Here are the results if we use the historical return (past results from Oct. 2004 to Aug. 2014) as the expected return:
Source: Zephyr StyleADVISORTM
You can see that using the efficient frontier in this manner shows a great need for tremendous amounts of energy in the portfolio. Read How to Create Your Ideal Diversified Investment Portfolio to fully understand the concepts behind portfolio design.
This is the problem with using past returns in the efficient frontier calculation. It shows you what would have worked the best. Unless you have a time machine you want to know what will work the best. Unfortunately, we are fresh out of crystal balls.
What should we do to get a more realistic portfolio?

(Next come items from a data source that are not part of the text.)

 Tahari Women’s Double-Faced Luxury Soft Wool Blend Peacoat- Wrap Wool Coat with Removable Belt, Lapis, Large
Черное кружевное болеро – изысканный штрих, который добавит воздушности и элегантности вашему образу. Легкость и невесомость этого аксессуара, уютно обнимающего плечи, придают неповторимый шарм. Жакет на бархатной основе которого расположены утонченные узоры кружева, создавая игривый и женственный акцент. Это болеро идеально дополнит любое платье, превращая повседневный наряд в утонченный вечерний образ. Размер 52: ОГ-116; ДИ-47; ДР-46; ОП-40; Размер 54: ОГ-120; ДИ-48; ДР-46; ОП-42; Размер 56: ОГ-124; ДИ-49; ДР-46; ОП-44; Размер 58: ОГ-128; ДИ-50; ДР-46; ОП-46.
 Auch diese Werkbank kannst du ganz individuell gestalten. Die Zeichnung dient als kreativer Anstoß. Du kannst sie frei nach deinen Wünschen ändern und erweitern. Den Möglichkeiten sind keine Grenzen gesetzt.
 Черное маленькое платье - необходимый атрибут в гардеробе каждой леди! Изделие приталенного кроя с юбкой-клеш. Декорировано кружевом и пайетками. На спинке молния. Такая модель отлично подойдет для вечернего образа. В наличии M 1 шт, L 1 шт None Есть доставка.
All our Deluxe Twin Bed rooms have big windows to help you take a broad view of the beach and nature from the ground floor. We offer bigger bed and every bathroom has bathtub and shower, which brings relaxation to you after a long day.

We handle the concept of future expected returns by using the Capital Asset Pricing Model (CAPM), which is a well-established mathematical model that estimates returns based on market risks. In general, the more risk an asset has the more the expected return. Each asset placed into the efficient frontier model is given a return based on the CAPM instead of using historical returns or simply guessing about what returns might be in the future. There are lots of problems with CAPM as well, but it is still better than using historical returns.

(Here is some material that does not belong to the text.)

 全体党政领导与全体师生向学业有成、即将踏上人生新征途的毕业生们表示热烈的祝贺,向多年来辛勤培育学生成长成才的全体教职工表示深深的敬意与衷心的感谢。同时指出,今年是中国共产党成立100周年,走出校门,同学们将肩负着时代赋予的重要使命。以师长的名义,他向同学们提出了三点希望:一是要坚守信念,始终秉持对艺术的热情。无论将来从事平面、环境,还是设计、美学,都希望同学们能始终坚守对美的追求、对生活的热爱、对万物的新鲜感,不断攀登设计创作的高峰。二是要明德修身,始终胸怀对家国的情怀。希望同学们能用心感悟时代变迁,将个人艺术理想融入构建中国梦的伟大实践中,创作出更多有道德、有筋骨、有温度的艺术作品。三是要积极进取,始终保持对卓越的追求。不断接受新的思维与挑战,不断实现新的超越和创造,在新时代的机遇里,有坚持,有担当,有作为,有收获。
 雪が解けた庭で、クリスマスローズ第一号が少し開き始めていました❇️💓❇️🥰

Using CAPM to calculate the expected returns we get a much different portfolio set:
Source: Zephyr StyleADVISORTM
Using the more realistic and balanced CAPM returns produced portfolios that have essentially no extra energy sector needed.
In summary, if the past repeats and energy outperforms, then we will all wish that we had an over abundance of energy in our portfolios, like Vanguard Energy Funds. Unfortunately, the past is often a poor predictor of future performance. We prefer to create globally diversified core portfolios using Index Funds and ETFs without the use of sector funds like energy. We believe that you cannot determine where the market is going in the future, and making a bet on a sector like energy is not necessary to achieve good returns.